The records that follow must be repeated exactly, except for their pictures.

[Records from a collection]
▼▼▼

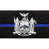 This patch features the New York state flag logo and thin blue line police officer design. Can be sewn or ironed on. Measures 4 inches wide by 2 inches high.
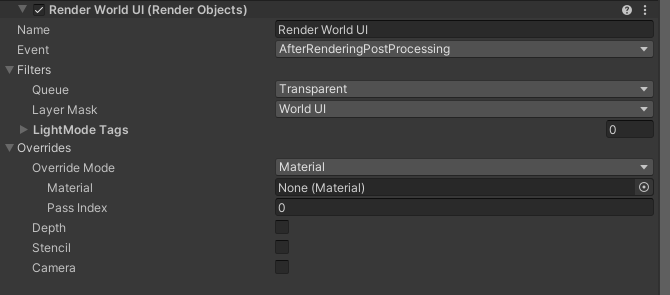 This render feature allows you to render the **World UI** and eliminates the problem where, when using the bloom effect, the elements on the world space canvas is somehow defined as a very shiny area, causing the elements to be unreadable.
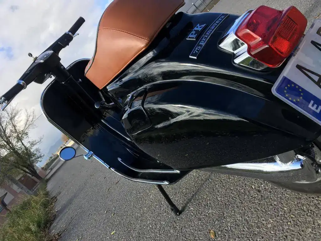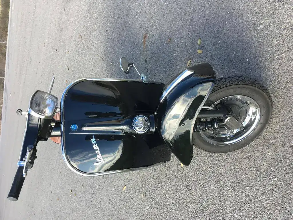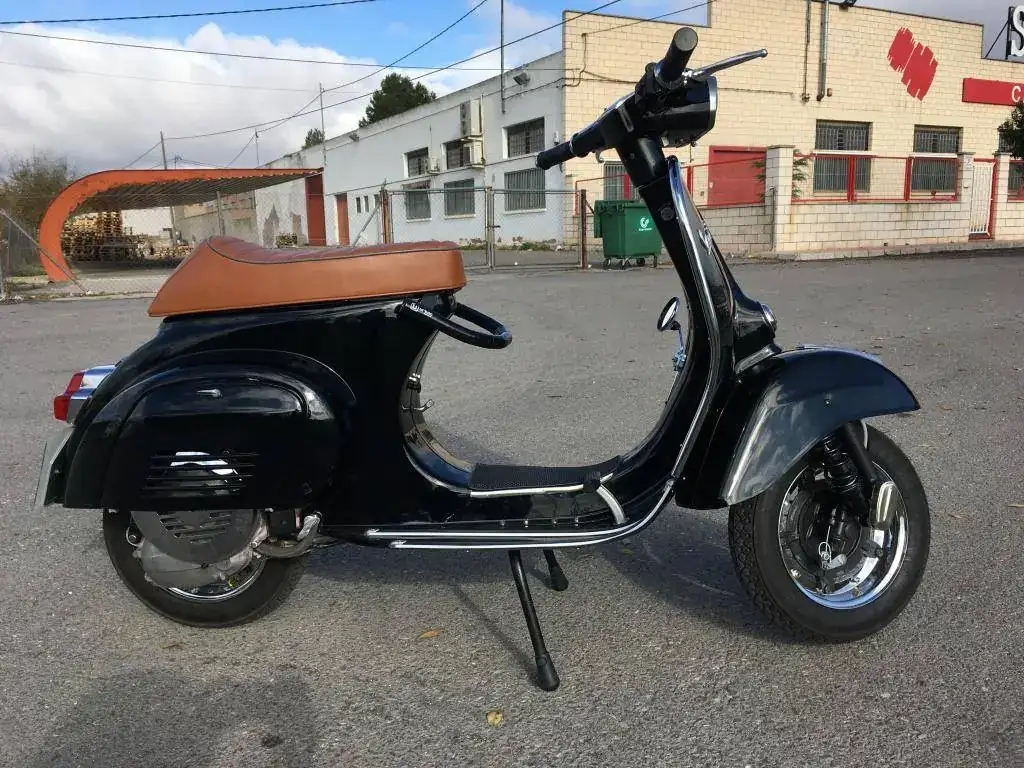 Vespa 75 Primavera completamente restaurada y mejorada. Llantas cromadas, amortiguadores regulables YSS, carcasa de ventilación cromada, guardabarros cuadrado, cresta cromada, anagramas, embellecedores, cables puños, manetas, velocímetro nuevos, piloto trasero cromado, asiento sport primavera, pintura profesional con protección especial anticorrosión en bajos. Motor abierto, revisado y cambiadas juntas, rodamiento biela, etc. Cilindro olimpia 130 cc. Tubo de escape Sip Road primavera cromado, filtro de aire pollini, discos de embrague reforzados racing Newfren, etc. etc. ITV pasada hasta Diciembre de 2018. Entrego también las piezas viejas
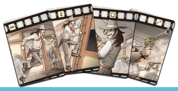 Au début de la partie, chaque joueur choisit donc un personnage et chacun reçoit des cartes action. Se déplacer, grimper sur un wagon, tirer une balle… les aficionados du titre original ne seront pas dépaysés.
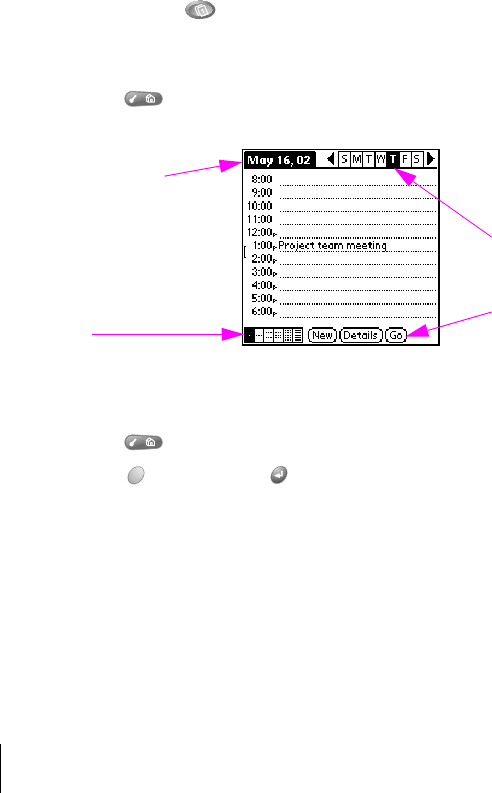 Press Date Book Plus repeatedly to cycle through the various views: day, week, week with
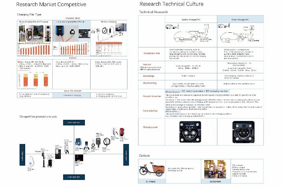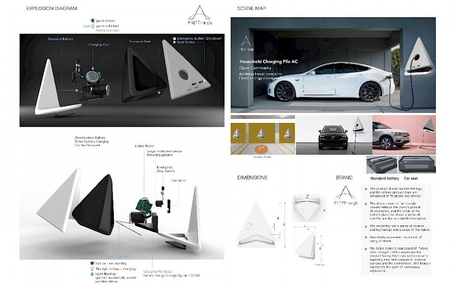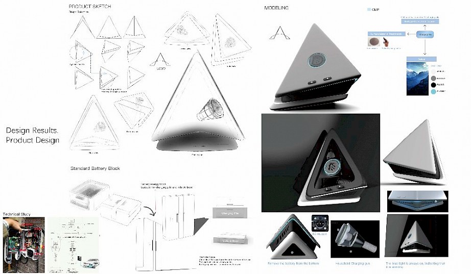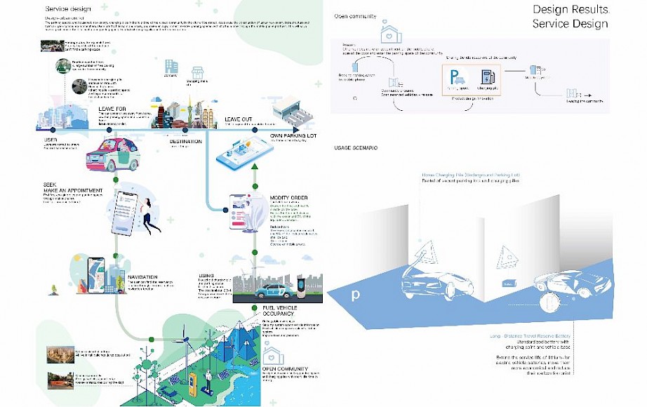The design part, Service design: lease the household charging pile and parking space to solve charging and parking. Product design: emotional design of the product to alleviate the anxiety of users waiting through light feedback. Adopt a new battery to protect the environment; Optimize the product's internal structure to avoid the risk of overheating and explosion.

▲▲▲

:: ANSWER BOX ::
 This patch features the New York state flag logo and thin blue line police officer design. Can be sewn or ironed on. Measures 4 inches wide by 2 inches high.
 This render feature allows you to render the **World UI** and eliminates the problem where, when using the bloom effect, the elements on the world space canvas is somehow defined as a very shiny area, causing the elements to be unreadable.
 Vespa 75 Primavera completamente restaurada y mejorada. Llantas cromadas, amortiguadores regulables YSS, carcasa de ventilación cromada, guardabarros cuadrado, cresta cromada, anagramas, embellecedores, cables puños, manetas, velocímetro nuevos, piloto trasero cromado, asiento sport primavera, pintura profesional con protección especial anticorrosión en bajos. Motor abierto, revisado y cambiadas juntas, rodamiento biela, etc. Cilindro olimpia 130 cc. Tubo de escape Sip Road primavera cromado, filtro de aire pollini, discos de embrague reforzados racing Newfren, etc. etc. ITV pasada hasta Diciembre de 2018. Entrego también las piezas viejas
 Au début de la partie, chaque joueur choisit donc un personnage et chacun reçoit des cartes action. Se déplacer, grimper sur un wagon, tirer une balle… les aficionados du titre original ne seront pas dépaysés.
 Press Date Book Plus repeatedly to cycle through the various views: day, week, week with
The design part, Service design: lease the household charging pile and parking space to solve charging and parking. Product design: emotional design of the product to alleviate the anxiety of users waiting through light feedback. Adopt a new battery to protect the environment; Optimize the product's internal structure to avoid the risk of overheating and explosion.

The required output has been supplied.